Saturday, August 15, 2020

Subtle worldbuilding

 Players who read the rule books, campaign setting books, and lore, generally want to bring elements of that into the game. Especially those players that have purchased and read splat books that include new races, subclasses, spells and abilities. In a game like 5e, the DM has no tools for managing how the players use this new material. If a player brings in a build or character idea, the DM can only sit back and watch them play it out by succeeding on dice rolls, or ban it outright out of game. Personally, I think banning concepts from the game is kind of a dick thing to do, as it breaks the implicit agreement between players and DM, but there's no other way in 5e.

AD&D, by contrast, has a lot of subtle mechanics that let the DM maintain the integrity and versimilitude of the game while allowing the player to include what he likes. The training requirement, for example, is much lambasted by the community but what it does is force player characters to seek out NPCs in the world to continue their own growth. NPCs ground the players. Gaining magical spells is not automatic in TSR D&D, in fact there are no rules at all for how magic users gain spells. Only AD&D 1e has a list of admonishments to the DM to not give out magical spells too freely, but no guide on how to give them out at all, except as random treasure spell scrolls. This means that a magic-users spellbook is firmly in the hands of the DM. If the DM does not want to give out Wish spells, Fireball, or even Protection from Good/Evil, the magic-user will never see those spells. This actually solves the "linear fighter, quadratic wizard" problem before it ever even occurs. 

On top of the mechanical controls, it allows the DM to manage the fiction of the world. Say if the DM does not want Orcs as a race, but the player brings in a Half-Orc character. The DM can allow the player to his character while simply having no other orcs or half-orcs show up in the world.  Half-orc adventurers in AD&D can "generally pass as human", and beyond mechanical bonuses don't add anything more to the setting. The NPCs don't even have to mention the different facial features of the half-orc character, and there can be no temples to Gruumsh, no shrines, no mention of Orcs in the hills, nothing. Orcs don't have to exist in the DMs world.

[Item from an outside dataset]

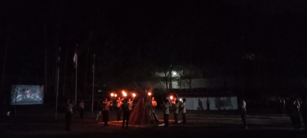 Puncak kegiatan kemah adalah api unggun dan pentas seni. Api unggun dinyalakan setelah obor-obor dasadarma menyala. Hal ini sebagai simbol semangat dari pramuka akan terus menyala dan berkorbar sehingga ikut memberikan kehangatan untuk sesama.

Then there's ways to manage the physical features of the character. "Half-orc", in an orc-less world, could just mean an ugly person. Maybe he had an ugly dad, or his parents come from a separate tribe that the civilized folk consider "orcish". And if the player is insistent on being part of a distinct demi-human race, the NPCs can all just treat that as the rantings of a deranged lunatic.  The player can play his character, and the DM can maintain her world, and the friction between the two is lessened.

  But in 5e, there is a huge interconnectivity between a PCs race, the subclass options he chooses, the background of the character (including ideals, bonds and flaws), and the player's backstory. All of this adds elements to the DMs world that she may not be comfortable with, and the only way to manage it is to talk out of character about it and waste precious game time. Instead of subtle controls, everything becomes an open debate.